The authors also made the following recommendations pertaining to the innovation of research instruments: 

  1. Researchers are highly recommended to use previously validated instruments wherever possible. If researchers make significant alterations in validated instruments, they are required to revalidate the instrument’s content, constructs, and reliability.
  2. For those who are able to create their own instrument, they’re highly recommended to do so provided that they are required to validate it thoroughly.


[i] Straub, D. W. (1989) “Validating Instruments in MIS Research,” MIS Quarterly, 13:2, pp. 147- 169.

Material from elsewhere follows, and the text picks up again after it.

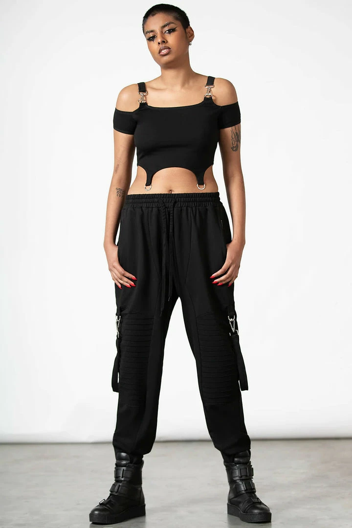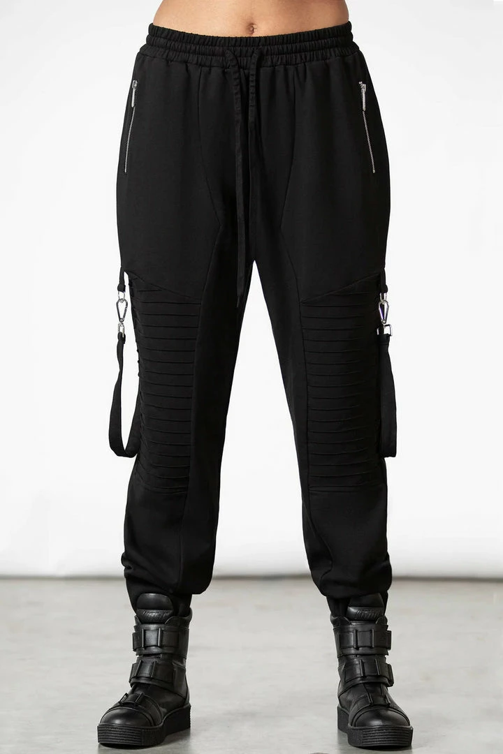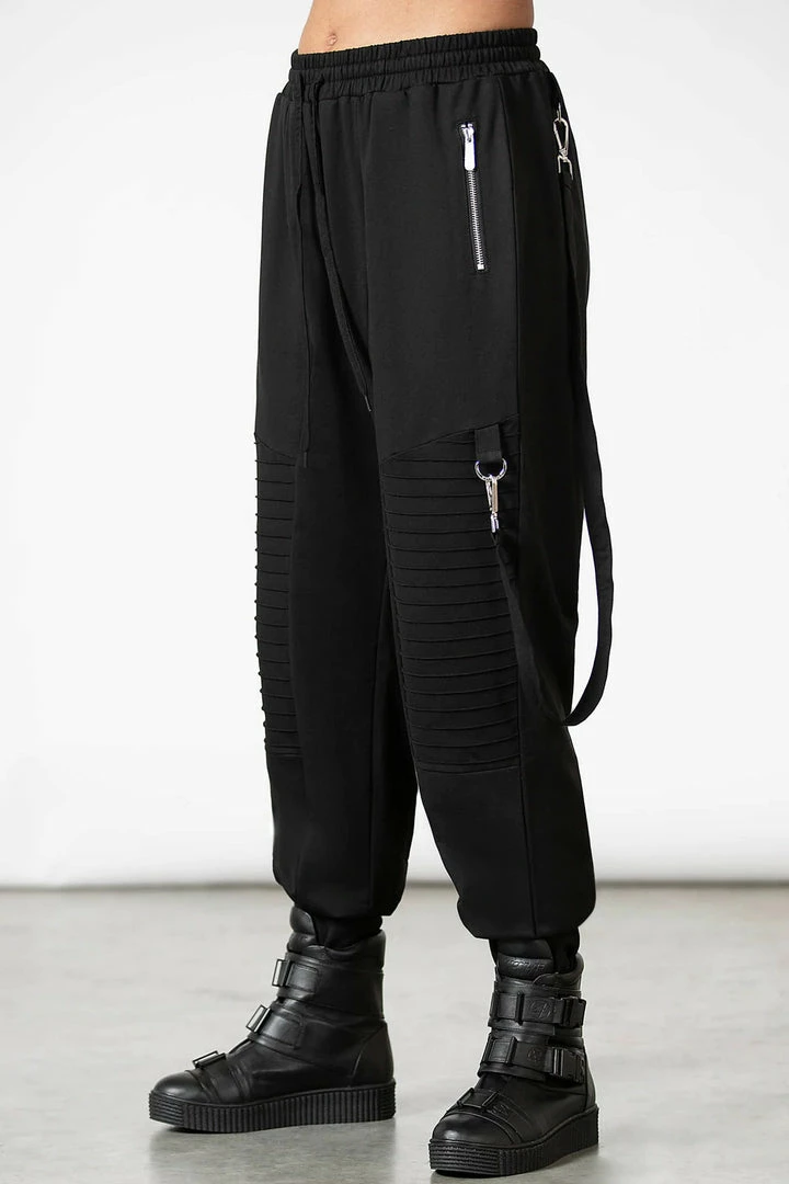 These comfy stylish black jogging bottoms are made from a soft touch cotton fabric with a zip pockets, cuffs and a relaxed fit that looks good on everyone! These unisex black tracksuit bottoms feature a drawstring waistband and removable straps. Buy a size up for an oversized relaxed look!

[ii] Boudreau, M., D. Gefen, and D. Straub (2001) “Validation in IS Research: A State-of-the-Art Assessment,” MIS Quarterly, 25:1, pp. 1-23.

[iii] Factorial validity can be assessed using factor analytic techniques such as common factor analysis, PCA, as well as confirmatory factor analysis in SEM. It can assess both convergent and discriminant validity, but does not provide evidence to rule out common methods bias when the researcher uses only one method in collecting the data.

[iv] Common Method Bias is also known as “method halo” or “methods effects”. It may occur when data are collected via only one method or via the same method but only at one point in time. Data collected in these ways likely share part of the variance that the items have in common with each other due to the data collection method rather than to: (i) the hypothesized relationships between the measurement items and their respective latent variables, or; (ii) the hypothesized relationships among the latent variables.